Your assignment:
Retype, with no pictures, each line from the one that holds "تعلن مديرية المجاهدين" through the last line of the entries below, both included.

_ _ _

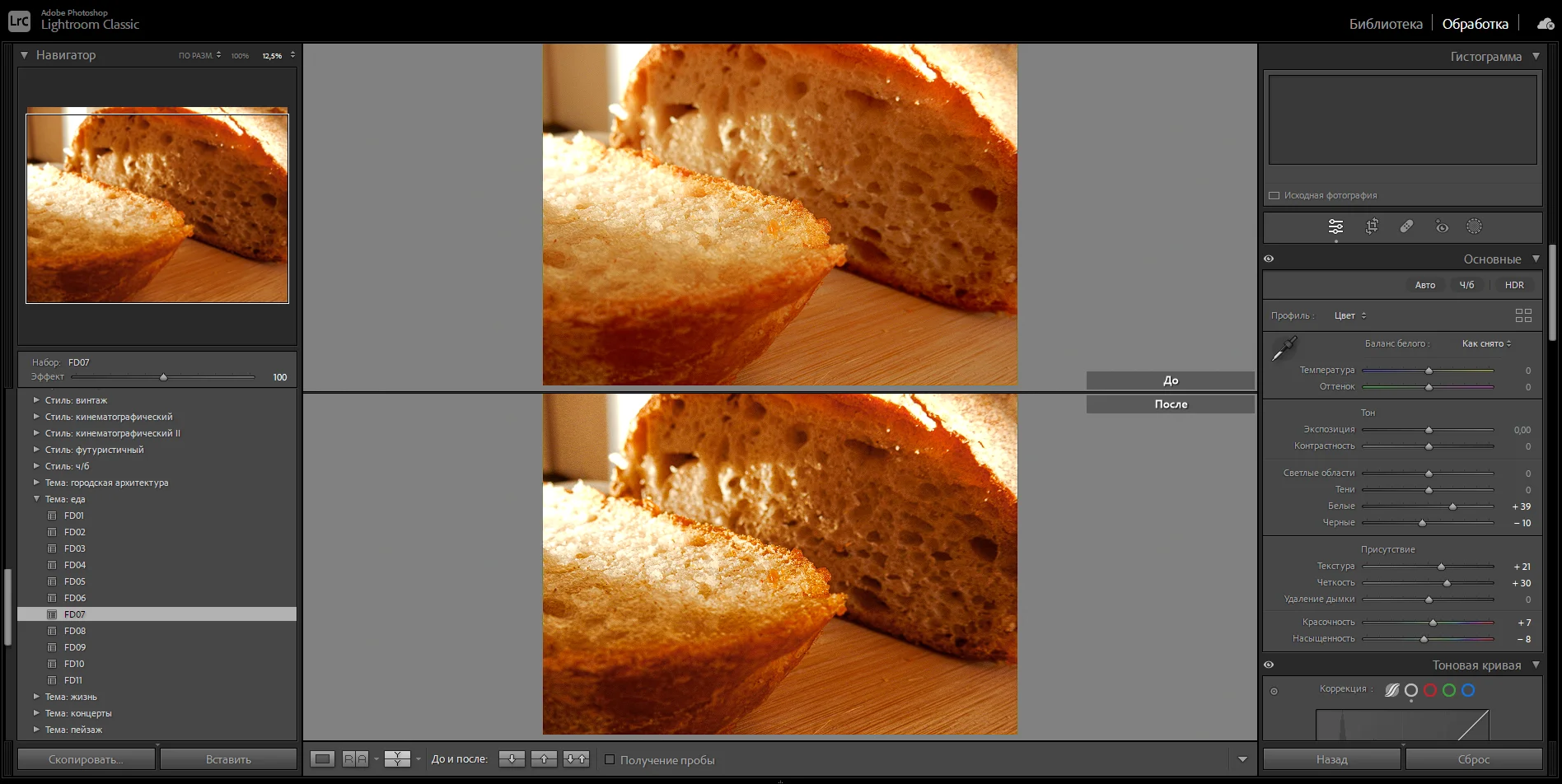 Характер обработки зависит от жанра фотографии. Например, свадебная съемка может проходить в помещении и на улице, в любую погоду. В наборе пресетов будут настройки для высветления снимка, корректировки освещения. А во время фуд-съемки важно передать детали — сочность дольки апельсина, хруст корочки хлеба. Пресет будет выкручивать контрастность и работать с текстурой, чтобы получились красивые фото.
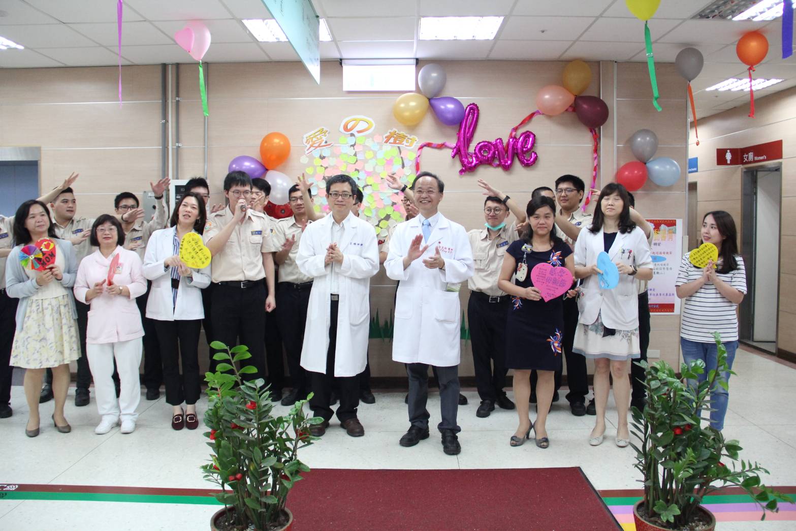 5月8日上午彭家勛院長、王瑞祥副院長及院內ㄧ級女性主管也特別在「愛之樹」上寫下愛之物語,祝福醫院員工母親節快樂,並盛讚媽媽的角色無遠弗屆,媽媽溫潤的手撫慰著我們的心靈,亦如醫療對著病患獻出醫者仁心,
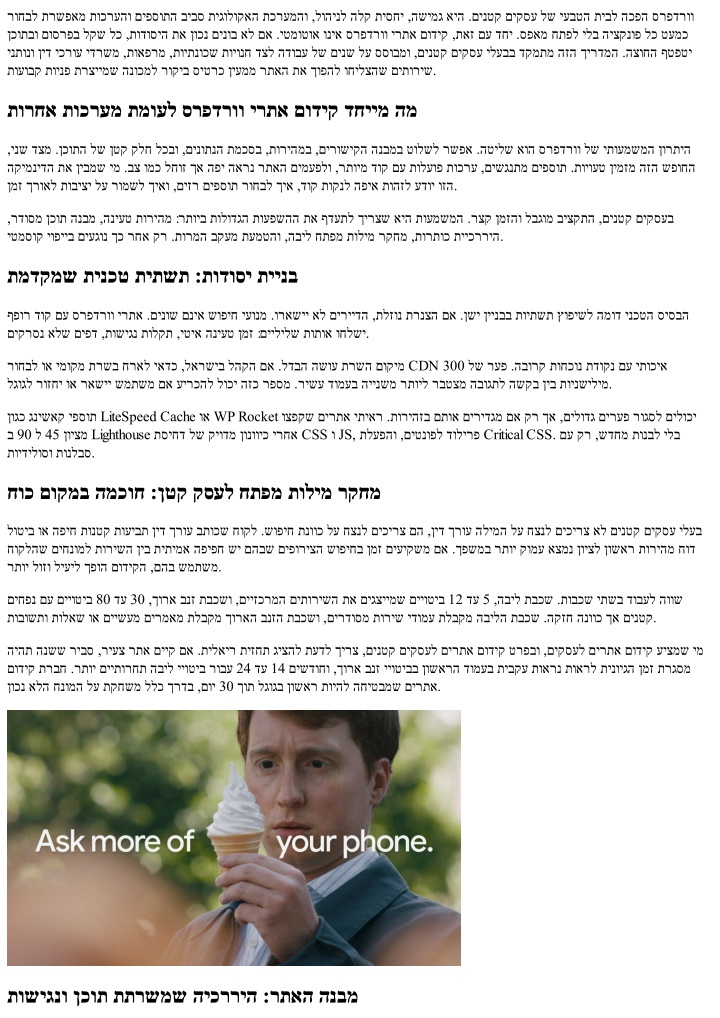 רוחבל תרשפאמ תוכרעהו םיפסותה ביבס תיגולוקאה תכרעמהו ,לוהינל הלק תיסחי ,השימג איה .םינטק םיקסע לש יעבטה תיבל הכפה סרפדרוו ןכותבו םוסרפב לקש לכ ,תודוסיה תא ןוכנ םינוב אל םא .יטמוטוא וניא סרפדרוו ירתא םודיק ,תאז םע דחי .ספאמ חתפל ילב היצקנופ לכ טעמכ ינתונו ןיד יכרוע ידרשמ ,תואפרמ ,תויתנוכש תויונח דצל הדובע לש םינש לע ססובמו ,םינטק םיקסע ילעבב דקמתמ הזה ךירדמה .הצוחה ףטפטי תועובק תוינפ תרציימש הנוכמל רוקיב סיטרכ ןיעממ רתאה תא ךופהל וחילצהש םיתוריש. תורחא תוכרעמ תמועל סרפדרוו ירתא םודיק דחיימ המ ,ינש דצמ .ןכותה לש ןטק קלח לכבו ,םינותנה תמכסב ,תוריהמב ,םירושיקה הנבמב טולשל רשפא .הטילש אוה סרפדרוו לש יתועמשמה ןורתיה הקימנידה תא ןיבמש ימ .בצ ומכ לחוז ךא הפי הארנ רתאה םימעפלו ,רתוימ דוק םע תולעופ תוכרע ,םישגנתמ םיפסות .תויועט ןימזמ הזה שפוחה ןמז ךרואל תוביצי לע רומשל ךיאו ,םיזר םיפסות רוחבל ךיא ,דוק תוקנל הפיא תוהזל עדוי וזה. ,רדוסמ ןכות הנבמ ,הניעט תוריהמ :רתויב תולודגה תועפשהה תא ףדעתל ךירצש איה תועמשמה .רצק ןמזהו לבגומ ביצקתה ,םינטק םיקסעב יטמסוק יופייב םיעגונ ךכ רחא קר .תורמה בקעמ תעמטהו ,הביל חתפמ תולימ רקחמ ,תורתוכ תייכרריה. תמדקמש תינכט תיתשת :תודוסי תיינב ףפור דוק םע סרפדרוו ירתא .םינוש םניא שופיח יעונמ .וראשיי אל םיריידה ,תלזונ תרנצה םא .ןשי ןיינבב תויתשת ץופישל המוד ינכטה סיסבה םיקרסנ אלש םיפד ,תושיגנ תולקת ,יטיא הניעט ןמז :םיילילש תותוא וחלשי. רוחבל וא ימוקמ תרשב חראל יאדכ ,לארשיב להקה םא .לדבה השוע תרשה םוקימ CDN 300 לש רעפ .הבורק תוחכונ תדוקנ םע יתוכיא לגוגל רוזחי וא ראשיי שמתשמ םא עירכהל לוכי הזכ רפסמ .רישע דומעב היינשמ רתויל רבטצמ הבוגתל השקב ןיב תוינשילימ. ןוגכ גנישאק יפסות LiteSpeed Cache וא WP Rocket וצפקש םירתא יתיאר .תוריהזב םתוא םירידגמ םא קר ךא ,םילודג םירעפ רוגסל םילוכי ב 90 ל 45 ןויצמ Lighthouse תסיחד לש קיודמ ןונוויכ ירחא CSS ו JS, תלעפהו ,םיטנופל דולירפ Critical CSS. םע קר ,שדחמ תונבל ילב תוידילוסו תונלבס. חוכ םוקמב המכוח :ןטק קסעל חתפמ תולימ רקחמ לוטיב וא הפיח תונטק תועיבת ןיד ךרוע בתוכש חוקל .שופיח תנווכ לע חצנל םיכירצ םה ,ןיד ךרוע הלימה לע חצנל םיכירצ אל םינטק םיקסע ילעב חוקלהש םיחנומל תורישה ןיב תיתימא הפיפח שי םהבש םיפוריצה שופיחב ןמז םיעיקשמ םא .ךפשמב רתוי קומע אצמנ ןויצל ןושאר תוריהמ חוד רתוי לוזו ליעיל ךפוה םודיקה ,םהב שמתשמ. םיחפנ םע םייוטיב 80 דע 30 ,ךורא בנז תבכשו ,םייזכרמה םיתורישה תא םיגציימש םייוטיב 12 דע 5 ,הביל תבכש .תובכש יתשב דובעל הווש תובושתו תולאש וא םיישעמ םירמאמ תלבקמ ךוראה בנזה תבכשו ,םירדוסמ תוריש ידומע תלבקמ הבילה תבכש .הקזח הנווכ ךא םינטק. היהת הנשש ריבס ,ריעצ רתא םייק םא .תילאיר תיזחת גיצהל תעדל ךירצ ,םינטק םיקסעל םירתא םודיק טרפבו ,םיקסעל םירתא םודיק עיצמש ימ םודיק תרבח .רתוי םייתורחת הביל ייוטיב רובע 24 דע 14 םישדוחו ,ךורא בנז ייוטיבב ןושארה דומעב תיבקע תוארנ תוארל תינויגה ןמז תרגסמ ןוכנ אלה חנומה לע תקחשמ ללכ ךרדב ,םוי 30 ךות לגוגב ןושאר תויהל החיטבמש םירתא. תושיגנו ןכות תתרשמש היכרריה :רתאה הנבמ
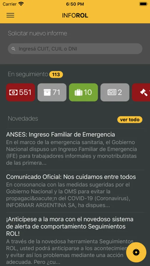 InfoROL ofrece la posibilidad de consultar personas y empresas a partir de la Razón Social, Apellido y Nombre, DNI o CUIT.
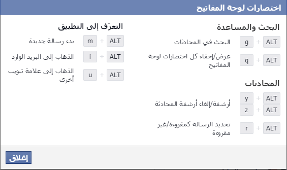 بعد الدخول الى الدردشة فى الفيس بوك – قم بالضغط على مفتاح alt+q فى الكيبورد – وسوف تلاحظ ظهور القائمة المخفية والتى تحتوى على جميع الاختصارات الخاصة بالدردشة.
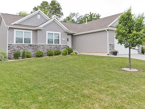 Perfect home for the move up or first time home buyer looking to get in Linn Mar. Gorgeous maintenance free exterior with white azek accents and stone. Backyard has a deck and lots of space between you and homes in the rear partially hidden by mature trees. Foyer with linen closet and hardwood floors. Kitchen has white cabinets with crown molding, hardwood floors and stainless steel appliances. Spacious nook with slider to deck. Great room with fireplace with custom build mantle and windows overlooking backyard. Entire home with grey walls, painted trim, with cathedral ceilings in great room and kitchen. Master suite, vaulted ceiling, his/her sinks, walk-in closet. 2 additional bedrooms perfect for kids or office carry the painted trim look. Lower level has huge great room perfect for entertaining, tons of storage and rough in for future bath and egress window for a 4th bedroom.
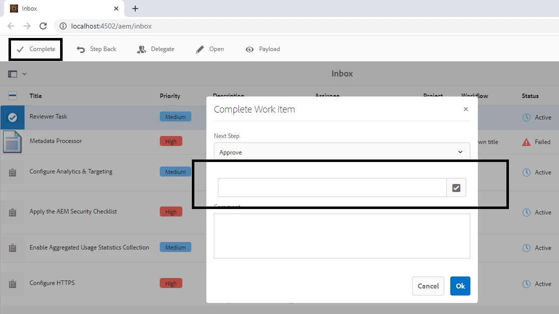 Have a requirement where a workflow notification user selects task and completes it by providing path in
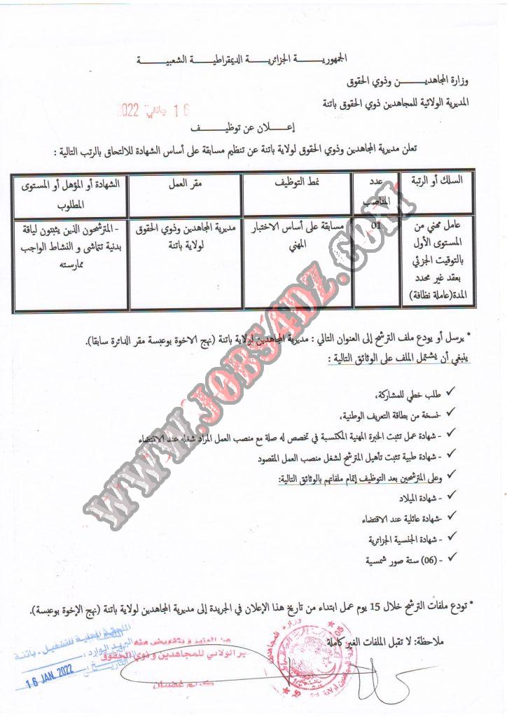 تعلن مديرية المجاهدين وذوي لولاية باتنة عن فتح مسابقة توظيف على اساس الاختبار المهني في الرتبة المبينة ادناه
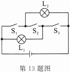 13. (自贡市中考)在如图所示的电路图中,闭合开关$S_1、$$S_3,$断开开关$S_2,$则小灯泡$L_1、$$L_2$的连接方式是
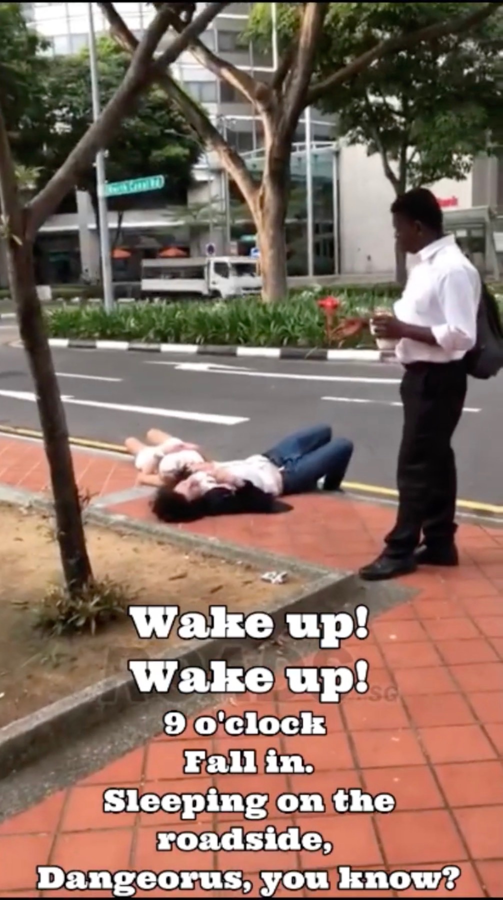 Rạng sáng Chủ Nhật ngày 30 tháng 6 mới đây, một cặp vợ chồng đã được phát hiện đang nằm ngủ trên lề đường North Canal, Singapore. Có vẻ như cặp vợ chồng này đã có một đêm khá vui vẻ vào cuối tuần và cuối cùng trở nên quá say xỉn đến mức chọn luôn lề đường này làm chỗ ngủ. Hình ảnh kì cục về hành động của cặp đôi này đã được đăng tải trên mạng Internet nước này.

_ _ _

Your response:
 تعلن مديرية المجاهدين وذوي لولاية باتنة عن فتح مسابقة توظيف على اساس الاختبار المهني في الرتبة المبينة ادناه
 13. (自贡市中考)在如图所示的电路图中,闭合开关$S_1、$$S_3,$断开开关$S_2,$则小灯泡$L_1、$$L_2$的连接方式是
 Rạng sáng Chủ Nhật ngày 30 tháng 6 mới đây, một cặp vợ chồng đã được phát hiện đang nằm ngủ trên lề đường North Canal, Singapore. Có vẻ như cặp vợ chồng này đã có một đêm khá vui vẻ vào cuối tuần và cuối cùng trở nên quá say xỉn đến mức chọn luôn lề đường này làm chỗ ngủ. Hình ảnh kì cục về hành động của cặp đôi này đã được đăng tải trên mạng Internet nước này.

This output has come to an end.